◆ Work order: Your output should be an exact copy of the records, with no pictures in it.

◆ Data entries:

"""

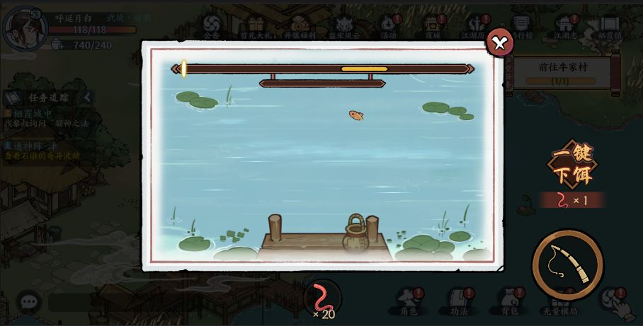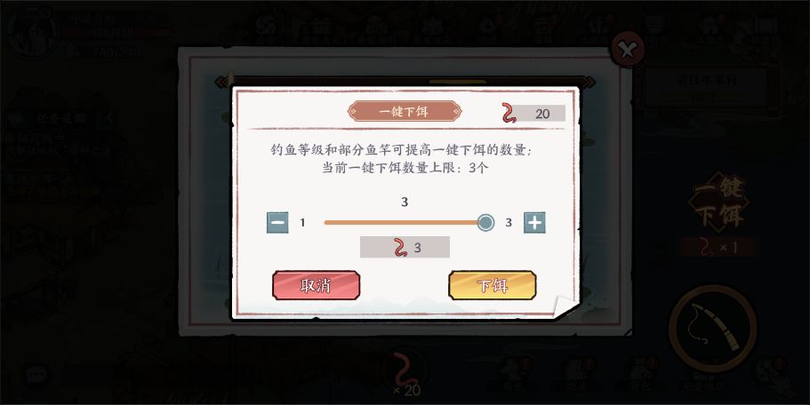 新增一键下饵功能,钓鱼等级和特殊鱼竿可以提高同时下饵的数量上限。(传说中的鱼竿算是一个彩蛋)
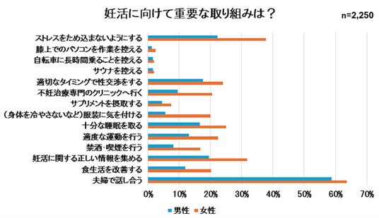 「パートナーと協力して妊活に取り組んでいたと思うか」という調査結果を見ると、一見、平等に取り組めているように見えますが、男女での妊活に対する意識に差がありました。「妊活に向けて重要だと思う取り組み」について調査をしたところ、全ての回答で男性が女性を下回る結果となりました。特に差が見られた項目は、「食生活を改善する」「妊活に関する正しい情報を集める」「禁酒・喫煙を行う」「不妊治療専門のクリニックへ行く」の4項目であり、男性は女性の約半数以下の結果となりました。
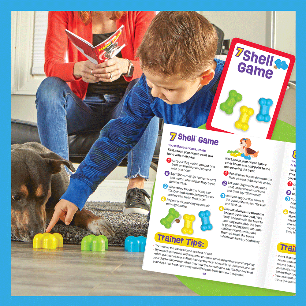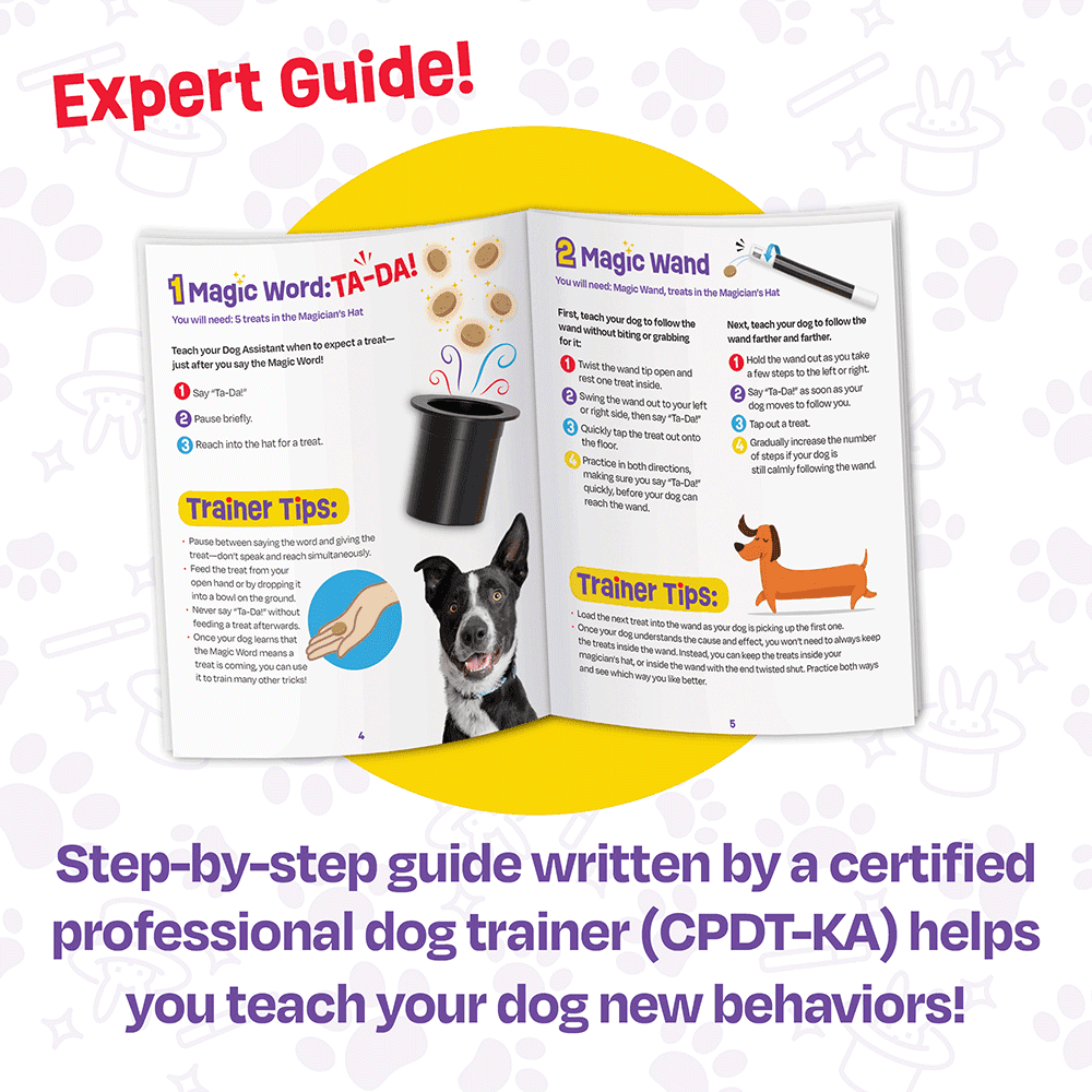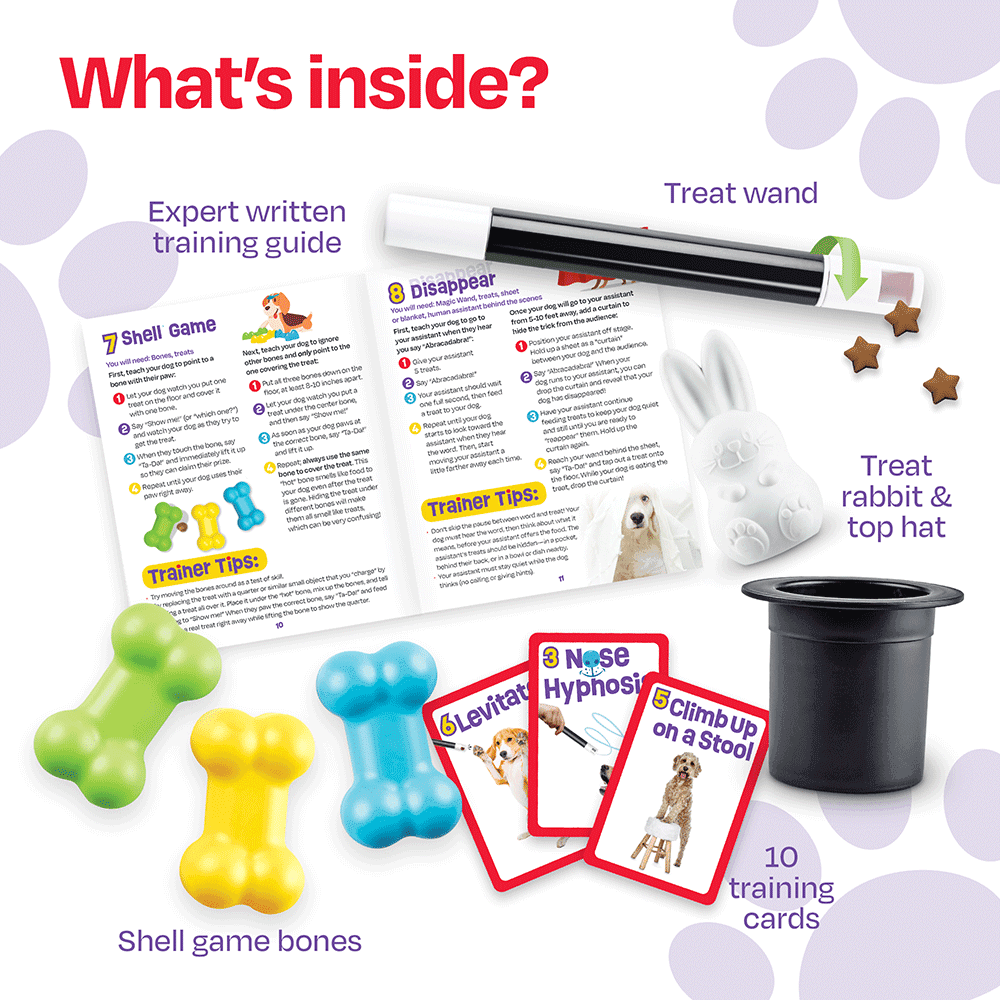 - Features‚treat wand, shell game bones, treat rabbit and top hat, and training cards
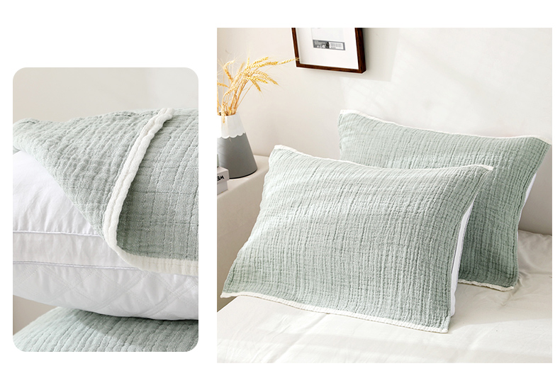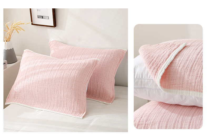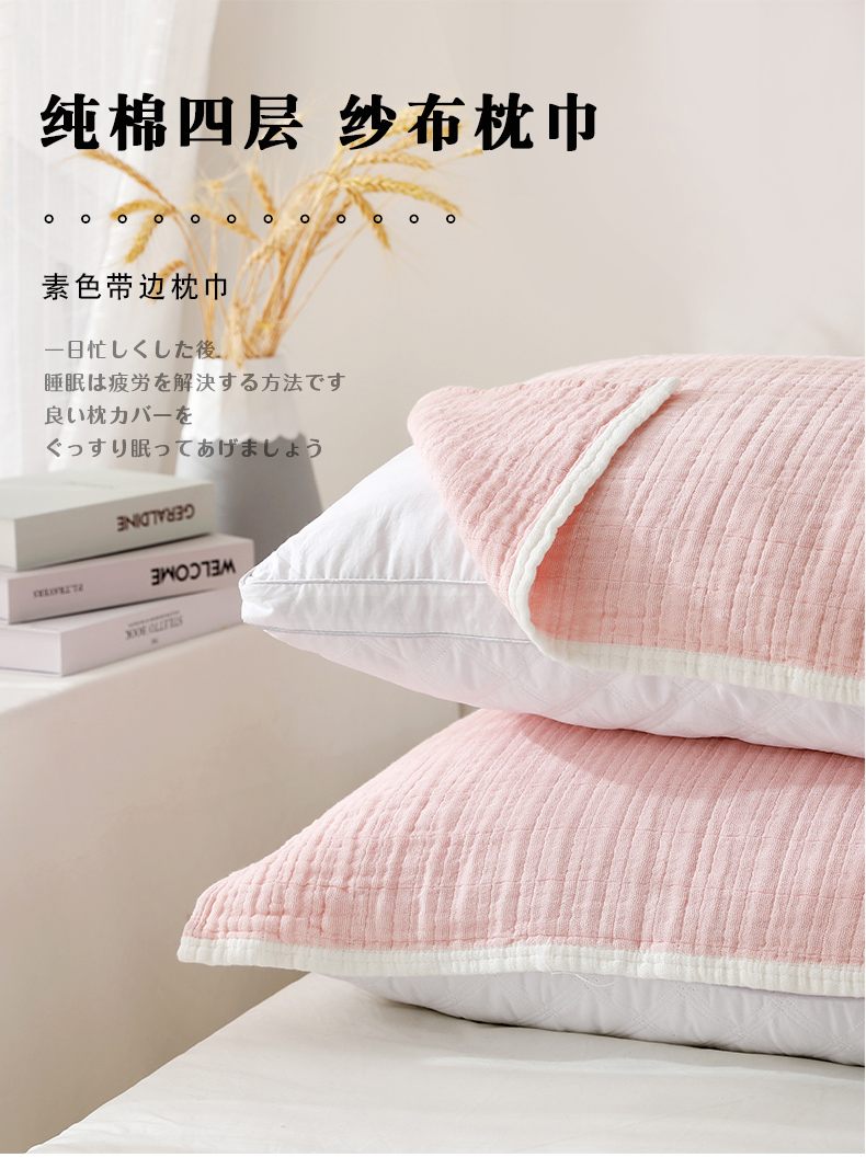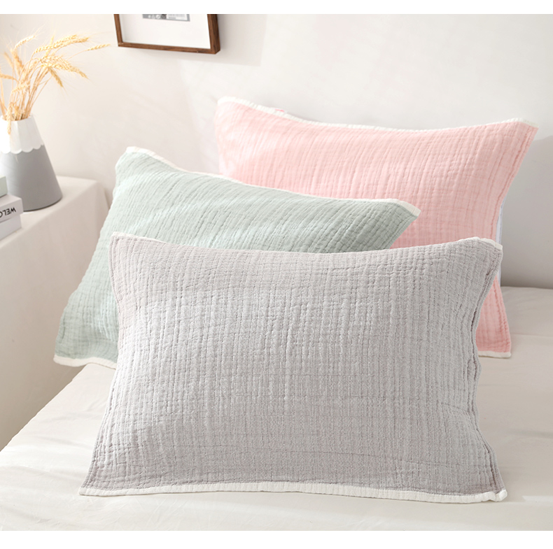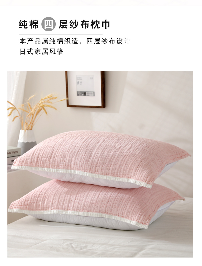 Yiwu Good Goods Pure Cotton Japanese Simple 4-Layer Gauze Pillow Cover Half Pack Pure Cotton Dormitory Students Pillow Towel One-Pair Package 中文版
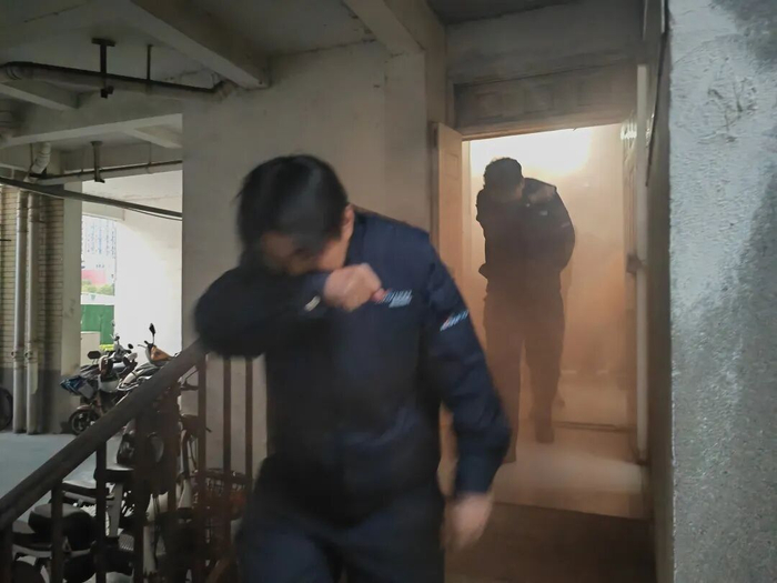 演练模拟宿舍楼突发火情,现场烟雾弥漫。警报响起后,员工在安全员引导下,用衣物捂住口鼻,沿预定路线低姿、快速撤离至安全区域。整个过程指令清晰、行动规范,均在短时间内完成全员疏散,体现了应急预案的有效性。
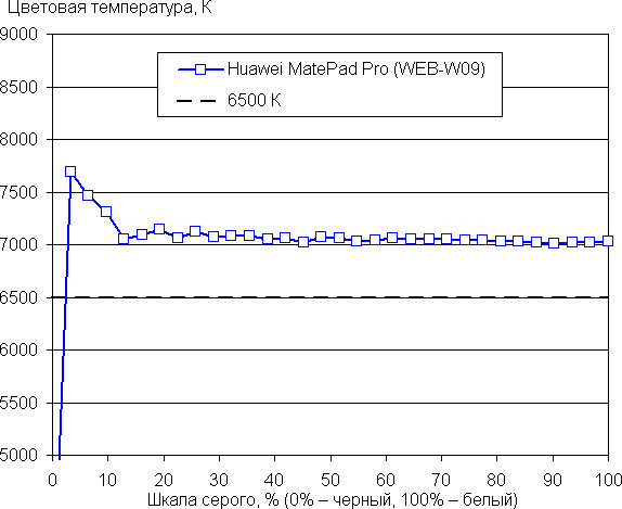 Напомним, что в случае OLED-экранов яркость фрагментов изображения динамично меняется в соответствии с характером выводимого изображения — чуть уменьшается для светлых в целом изображений. В итоге полученная зависимость яркости от оттенка (гамма-кривая), скорее всего, неточно соответствует гамма-кривой статичного изображения, так как измерения проводились при последовательном выводе оттенков серого почти на весь экран.
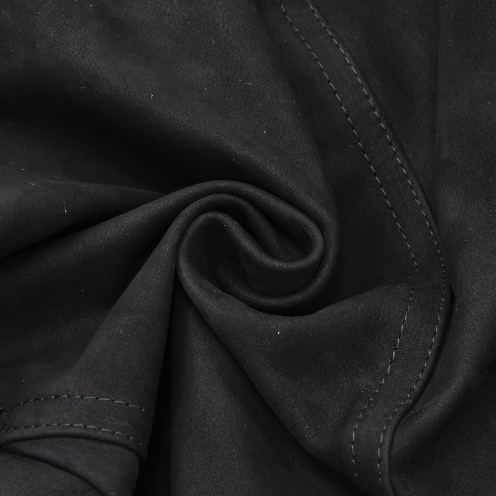 そしてカラーは、重厚感とシャープさを備えたブラック。漆黒の中にほんのりと起毛感を感じるヌバックならではのマットな質感が、大人の色気と存在感を引き立てます。王道でありながら、ひと味違う表情を楽しめるブラックヌバック。スタイルを問わず、ワードローブの主役になってくれる頼れる1着です。

"""

◆ Answer to this problem:
 新增一键下饵功能,钓鱼等级和特殊鱼竿可以提高同时下饵的数量上限。(传说中的鱼竿算是一个彩蛋)
 「パートナーと協力して妊活に取り組んでいたと思うか」という調査結果を見ると、一見、平等に取り組めているように見えますが、男女での妊活に対する意識に差がありました。「妊活に向けて重要だと思う取り組み」について調査をしたところ、全ての回答で男性が女性を下回る結果となりました。特に差が見られた項目は、「食生活を改善する」「妊活に関する正しい情報を集める」「禁酒・喫煙を行う」「不妊治療専門のクリニックへ行く」の4項目であり、男性は女性の約半数以下の結果となりました。
 - Features‚treat wand, shell game bones, treat rabbit and top hat, and training cards
 Yiwu Good Goods Pure Cotton Japanese Simple 4-Layer Gauze Pillow Cover Half Pack Pure Cotton Dormitory Students Pillow Towel One-Pair Package 中文版
 演练模拟宿舍楼突发火情,现场烟雾弥漫。警报响起后,员工在安全员引导下,用衣物捂住口鼻,沿预定路线低姿、快速撤离至安全区域。整个过程指令清晰、行动规范,均在短时间内完成全员疏散,体现了应急预案的有效性。
 Напомним, что в случае OLED-экранов яркость фрагментов изображения динамично меняется в соответствии с характером выводимого изображения — чуть уменьшается для светлых в целом изображений. В итоге полученная зависимость яркости от оттенка (гамма-кривая), скорее всего, неточно соответствует гамма-кривой статичного изображения, так как измерения проводились при последовательном выводе оттенков серого почти на весь экран.
 そしてカラーは、重厚感とシャープさを備えたブラック。漆黒の中にほんのりと起毛感を感じるヌバックならではのマットな質感が、大人の色気と存在感を引き立てます。王道でありながら、ひと味違う表情を楽しめるブラックヌバック。スタイルを問わず、ワードローブの主役になってくれる頼れる1着です。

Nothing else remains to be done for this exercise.